Have a look at this smartctl output:
SMART Attributes Data Structure revision number: 10
Vendor Specific SMART Attributes with Thresholds:
ID# ATTRIBUTE_NAME FLAG VALUE WORST THRESH TYPE UPDATED WHEN_FAILED RAW_VALUE
1 Raw_Read_Error_Rate 0x0033 095 095 050 Pre-fail Always - 0/2447236
5 Retired_Block_Count 0x0033 100 100 003 Pre-fail Always - 0
9 Power_On_Hours_and_Msec 0x0032 100 100 000 Old_age Always - 711h+10m+35.860s
12 Power_Cycle_Count 0x0032 098 098 000 Old_age Always - 2976
13 Soft_Read_Error_Rate 0x0032 095 095 000 Old_age Always - 0/2447236
100 Gigabytes_Erased 0x0032 000 000 000 Old_age Always - 23256
170 Reserve_Block_Count 0x00ef 000 000 000 Pre-fail Always - 3424
171 Program_Fail_Count 0x000a 100 100 000 Old_age Always - 0
172 Erase_Fail_Count 0x0032 100 100 000 Old_age Always - 0
174 Unexpect_Power_Loss_Ct 0x0030 000 000 000 Old_age Offline - 86
177 Wear_Range_Delta 0x0000 000 000 000 Old_age Offline - 94
181 Program_Fail_Count 0x000a 100 100 000 Old_age Always - 0
182 Erase_Fail_Count 0x0032 100 100 000 Old_age Always - 0
184 IO_Error_Detect_Code_Ct 0x00ef 100 100 090 Pre-fail Always - 0
187 Reported_Uncorrect 0x0012 100 100 000 Old_age Always - 0
189 Airflow_Temperature_Cel 0x0000 028 041 000 Old_age Offline - 28 (Min/Max 9/41)
194 Temperature_Celsius 0x0022 028 041 000 Old_age Always - 28 (Min/Max 9/41)
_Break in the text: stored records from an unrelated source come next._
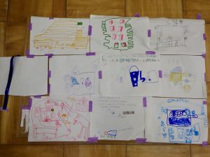 すると「かわいい家。」「かわいいってどんな家?」「リボンとかハートとかが付いていたり・・・。」「こんな感じ?」1人の子がスケッチを描き始めたことをきっかけに、それぞれがイメージ図を描き始めました。
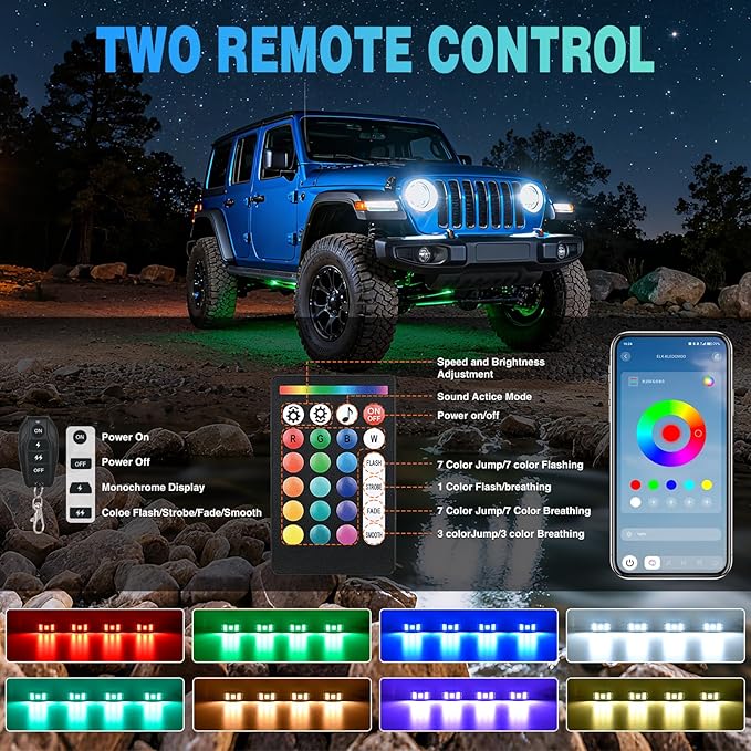 • 【Upgraded Lighting and Wide Angle】22 upgraded 5050+2835 SMD LEDs deliver brighter, longer lasting light. 210° wide angle covers more area, with 16 million colors, 29 dynamic modes (monochrome/jump/flash/breathing), and 6 scene modes (party/leisure/quiet, etc.). Customize speed, brightness, and strobe for personalized off-road vibes
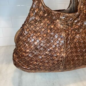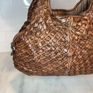 The LANGELLOTTI Brown Genuine Leather Woven Shoulder Bag is a stylish and versatile accessory. Made with high-quality Italian leather, this well-sized bag features a unique woven braided pattern on the exterior, showcasing a sophisticated and timeless design. The bag includes a zip, magnetic, and snap closure, along with double brown leather handles for easy carrying. Ideal for travel, casual outings, or workwear, this bag also features a lined interior with inner pockets for added functionality. Crafted with high-quality materials, it combines timeless elegance with everyday functionality. The intricate weaving pattern adds a unique texture, making it a versatile accessory for any occasion. Natural patina of the leather makes this bag look soft & supple. This bag is a real conversation piece. Photos are the best description of this Italian classic beauty. Please ask questions and make an offer!
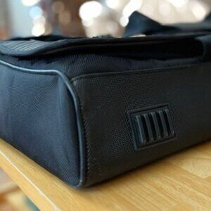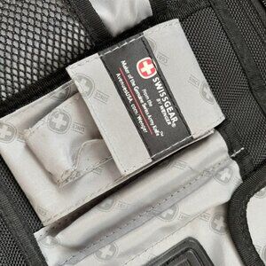 Swiss Gear Mythos 17" casual computer case. Zip out mesh pocket for water bottle. Trolley strap to secure to another wheeled case. File compartment, organizer and zippered pocket. About 13" H x 16.5" W x 4" deep. Holds up to 17" computer. Polyvinyl
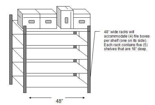 | $400 | $400 | 480 boxes, single top stack. Remaining space can be used for overstock, office furniture, & miscellaneous supplies. | ||

195 ECC_Uncorr_Error_Count 0x001c 120 120 000 Old_age Offline - 0/2447236
196 Reallocated_Event_Count 0x0033 100 100 003 Pre-fail Always - 0
198 Uncorrectable_Sector_Ct 0x0010 120 120 000 Old_age Offline - 0/2447236
199 SATA_CRC_Error_Count 0x0024 200 200 000 Old_age Offline - 0
201 Unc_Soft_Read_Err_Rate 0x001c 120 120 000 Old_age Offline - 0/2447236
204 Soft_ECC_Correct_Rate 0x001c 120 120 000 Old_age Offline - 0/2447236
230 Life_Curve_Status 0x0013 100 100 000 Pre-fail Always - 100
231 SSD_Life_Left 0x0013 093 093 010 Pre-fail Always - 1
232 Available_Reservd_Space 0x0032 000 000 000 Old_age Always - 13
233 SandForce_Internal 0x0032 000 000 000 Old_age Always - 21231
234 SandForce_Internal 0x0032 000 000 000 Old_age Always - 4848
241 Lifetime_Writes_GiB 0x0032 000 000 000 Old_age Always - 4848
242 Lifetime_Reads_GiB 0x0032 000 000 000 Old_age Always - 4914
SMART Error Log not supported
SMART Self-test log structure revision number 1
Num Test_Description Status Remaining LifeTime(hours) LBA_of_first_error
# 1 Extended offline Completed without error 00% 707 -
# 2 Short offline Completed without error 00% 699 -
# 3 Short offline Completed without error 00% 696 -
# 4 Extended offline Completed without error 00% 696 -
# 5 Short offline Completed without error 00% 694 -
# 6 Extended offline Completed without error 00% 694 -
# 7 Extended offline Completed without error 00% 693 -
# 8 Short offline Completed without error 00% 692 -
# 9 Extended offline Completed without error 00% 692 -
#10 Short offline Completed without error 00% 689 -
#11 Extended offline Completed without error 00% 687 -
#12 Short offline Completed without error 00% 686 -
#13 Extended offline Completed without error 00% 686 -
#14 Short offline Completed without error 00% 683 -
#15 Short offline Completed without error 00% 680 -
#16 Short offline Completed without error 00% 680 -
SMART Selective self-test log data structure revision number 1
SPAN MIN_LBA MAX_LBA CURRENT_TEST_STATUS
1 0 0 Not_testing
2 0 0 Not_testing
3 0 0 Not_testing
4 0 0 Not_testing
5 0 0 Not_testing
In the upper block you can find all reported values as mentioned above, in the lower block you can see direct test results,
indicating that a SMART
test has been run some time before, it’s results are listed here.
This specific HDD does not show any problems or values to be concerned, since it is relatively new, (line 6:) 700h runtime is merely 29 days which is technically “new” for HDDs.
Interestingly enough we can see (line 7:) that Power_Cycle_Count is relatively high for 700 hours which means that this HDD has been turned on and off about 4 times average per hour.
This might indicate that this HDD might rather have been used in a desktop PC instead of a server.
I hope this gave some insight on how to read and interpret SMART values for your HDDs, let me know if you have any addition to this and thanks for being here.